→ **TASK DESCRIPTION**: Could you please retype all of the entries exactly as they appear?

→ **RECORDS SUPPLIED**:
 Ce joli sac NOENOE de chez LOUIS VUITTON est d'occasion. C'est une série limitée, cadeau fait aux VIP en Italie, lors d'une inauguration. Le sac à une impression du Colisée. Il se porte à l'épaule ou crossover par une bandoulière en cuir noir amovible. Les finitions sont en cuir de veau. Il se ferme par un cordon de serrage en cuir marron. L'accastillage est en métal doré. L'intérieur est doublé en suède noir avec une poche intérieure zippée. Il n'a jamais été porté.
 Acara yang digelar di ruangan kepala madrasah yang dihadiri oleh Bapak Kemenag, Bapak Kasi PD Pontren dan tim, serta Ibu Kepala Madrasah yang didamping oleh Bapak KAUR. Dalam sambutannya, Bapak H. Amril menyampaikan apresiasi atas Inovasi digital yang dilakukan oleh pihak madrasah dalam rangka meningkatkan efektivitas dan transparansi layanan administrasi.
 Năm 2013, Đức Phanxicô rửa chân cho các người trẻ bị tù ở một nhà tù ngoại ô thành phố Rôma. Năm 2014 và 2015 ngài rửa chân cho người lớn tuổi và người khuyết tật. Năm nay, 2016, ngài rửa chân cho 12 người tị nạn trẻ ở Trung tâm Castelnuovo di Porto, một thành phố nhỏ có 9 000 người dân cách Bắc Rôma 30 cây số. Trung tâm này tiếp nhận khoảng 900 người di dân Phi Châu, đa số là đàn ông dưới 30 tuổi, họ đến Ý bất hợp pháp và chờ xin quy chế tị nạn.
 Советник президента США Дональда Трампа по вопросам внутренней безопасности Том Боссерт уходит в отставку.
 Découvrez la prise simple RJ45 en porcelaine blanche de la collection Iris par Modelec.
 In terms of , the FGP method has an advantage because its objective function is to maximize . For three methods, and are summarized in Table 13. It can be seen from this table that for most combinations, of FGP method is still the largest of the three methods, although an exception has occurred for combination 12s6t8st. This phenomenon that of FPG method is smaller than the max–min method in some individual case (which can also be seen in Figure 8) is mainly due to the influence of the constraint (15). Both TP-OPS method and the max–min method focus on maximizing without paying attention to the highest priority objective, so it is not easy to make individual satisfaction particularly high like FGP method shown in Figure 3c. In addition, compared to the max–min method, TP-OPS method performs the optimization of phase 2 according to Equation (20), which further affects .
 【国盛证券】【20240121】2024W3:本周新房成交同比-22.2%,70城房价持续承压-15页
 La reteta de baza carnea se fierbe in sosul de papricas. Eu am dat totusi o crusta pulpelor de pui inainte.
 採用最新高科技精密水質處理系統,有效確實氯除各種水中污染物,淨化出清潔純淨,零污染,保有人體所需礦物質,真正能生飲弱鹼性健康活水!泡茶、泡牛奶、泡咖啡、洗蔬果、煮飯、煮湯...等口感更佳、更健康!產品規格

→ **RESPONSE TO THE TASK**:
 Ce joli sac NOENOE de chez LOUIS VUITTON est d'occasion. C'est une série limitée, cadeau fait aux VIP en Italie, lors d'une inauguration. Le sac à une impression du Colisée. Il se porte à l'épaule ou crossover par une bandoulière en cuir noir amovible. Les finitions sont en cuir de veau. Il se ferme par un cordon de serrage en cuir marron. L'accastillage est en métal doré. L'intérieur est doublé en suède noir avec une poche intérieure zippée. Il n'a jamais été porté.
 Acara yang digelar di ruangan kepala madrasah yang dihadiri oleh Bapak Kemenag, Bapak Kasi PD Pontren dan tim, serta Ibu Kepala Madrasah yang didamping oleh Bapak KAUR. Dalam sambutannya, Bapak H. Amril menyampaikan apresiasi atas Inovasi digital yang dilakukan oleh pihak madrasah dalam rangka meningkatkan efektivitas dan transparansi layanan administrasi.
 Năm 2013, Đức Phanxicô rửa chân cho các người trẻ bị tù ở một nhà tù ngoại ô thành phố Rôma. Năm 2014 và 2015 ngài rửa chân cho người lớn tuổi và người khuyết tật. Năm nay, 2016, ngài rửa chân cho 12 người tị nạn trẻ ở Trung tâm Castelnuovo di Porto, một thành phố nhỏ có 9 000 người dân cách Bắc Rôma 30 cây số. Trung tâm này tiếp nhận khoảng 900 người di dân Phi Châu, đa số là đàn ông dưới 30 tuổi, họ đến Ý bất hợp pháp và chờ xin quy chế tị nạn.
 Советник президента США Дональда Трампа по вопросам внутренней безопасности Том Боссерт уходит в отставку.
 Découvrez la prise simple RJ45 en porcelaine blanche de la collection Iris par Modelec.
 In terms of , the FGP method has an advantage because its objective function is to maximize . For three methods, and are summarized in Table 13. It can be seen from this table that for most combinations, of FGP method is still the largest of the three methods, although an exception has occurred for combination 12s6t8st. This phenomenon that of FPG method is smaller than the max–min method in some individual case (which can also be seen in Figure 8) is mainly due to the influence of the constraint (15). Both TP-OPS method and the max–min method focus on maximizing without paying attention to the highest priority objective, so it is not easy to make individual satisfaction particularly high like FGP method shown in Figure 3c. In addition, compared to the max–min method, TP-OPS method performs the optimization of phase 2 according to Equation (20), which further affects .
 【国盛证券】【20240121】2024W3:本周新房成交同比-22.2%,70城房价持续承压-15页
 La reteta de baza carnea se fierbe in sosul de papricas. Eu am dat totusi o crusta pulpelor de pui inainte.
 採用最新高科技精密水質處理系統,有效確實氯除各種水中污染物,淨化出清潔純淨,零污染,保有人體所需礦物質,真正能生飲弱鹼性健康活水!泡茶、泡牛奶、泡咖啡、洗蔬果、煮飯、煮湯...等口感更佳、更健康!產品規格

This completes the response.